Task material:
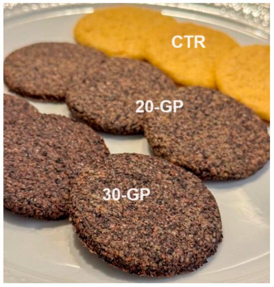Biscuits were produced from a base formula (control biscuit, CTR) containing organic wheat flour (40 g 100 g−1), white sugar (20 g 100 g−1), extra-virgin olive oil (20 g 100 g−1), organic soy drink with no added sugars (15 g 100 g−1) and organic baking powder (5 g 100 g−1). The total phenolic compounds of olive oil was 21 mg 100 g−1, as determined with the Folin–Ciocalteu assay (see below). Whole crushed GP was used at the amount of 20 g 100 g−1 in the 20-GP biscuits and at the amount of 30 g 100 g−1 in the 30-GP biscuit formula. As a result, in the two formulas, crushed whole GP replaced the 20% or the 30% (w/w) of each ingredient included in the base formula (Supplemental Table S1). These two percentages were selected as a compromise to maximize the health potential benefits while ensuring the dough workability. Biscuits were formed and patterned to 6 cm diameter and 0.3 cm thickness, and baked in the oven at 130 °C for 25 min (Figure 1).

==

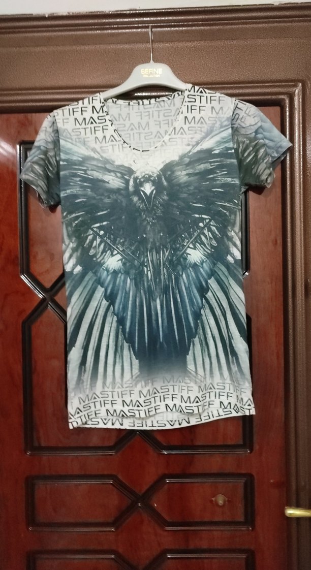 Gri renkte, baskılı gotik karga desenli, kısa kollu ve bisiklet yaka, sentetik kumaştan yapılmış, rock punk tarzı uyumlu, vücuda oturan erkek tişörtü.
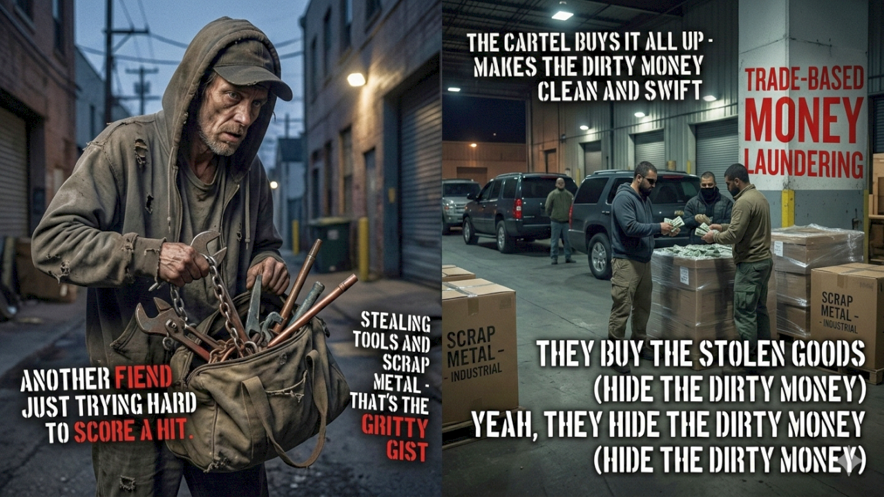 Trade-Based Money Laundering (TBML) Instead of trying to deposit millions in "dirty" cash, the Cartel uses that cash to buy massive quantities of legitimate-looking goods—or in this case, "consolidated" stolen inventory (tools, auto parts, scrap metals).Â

* * *

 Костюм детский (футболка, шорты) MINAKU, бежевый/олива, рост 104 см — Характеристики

What needs to be done: Within the listing above, extract exactly the lines that run from the one containing "Gri renkte, baskılı" through the one containing "Trade-Based Money Laundering", excluding any pictures.

Answer section:
 Gri renkte, baskılı gotik karga desenli, kısa kollu ve bisiklet yaka, sentetik kumaştan yapılmış, rock punk tarzı uyumlu, vücuda oturan erkek tişörtü.
 Trade-Based Money Laundering (TBML) Instead of trying to deposit millions in "dirty" cash, the Cartel uses that cash to buy massive quantities of legitimate-looking goods—or in this case, "consolidated" stolen inventory (tools, auto parts, scrap metals).Â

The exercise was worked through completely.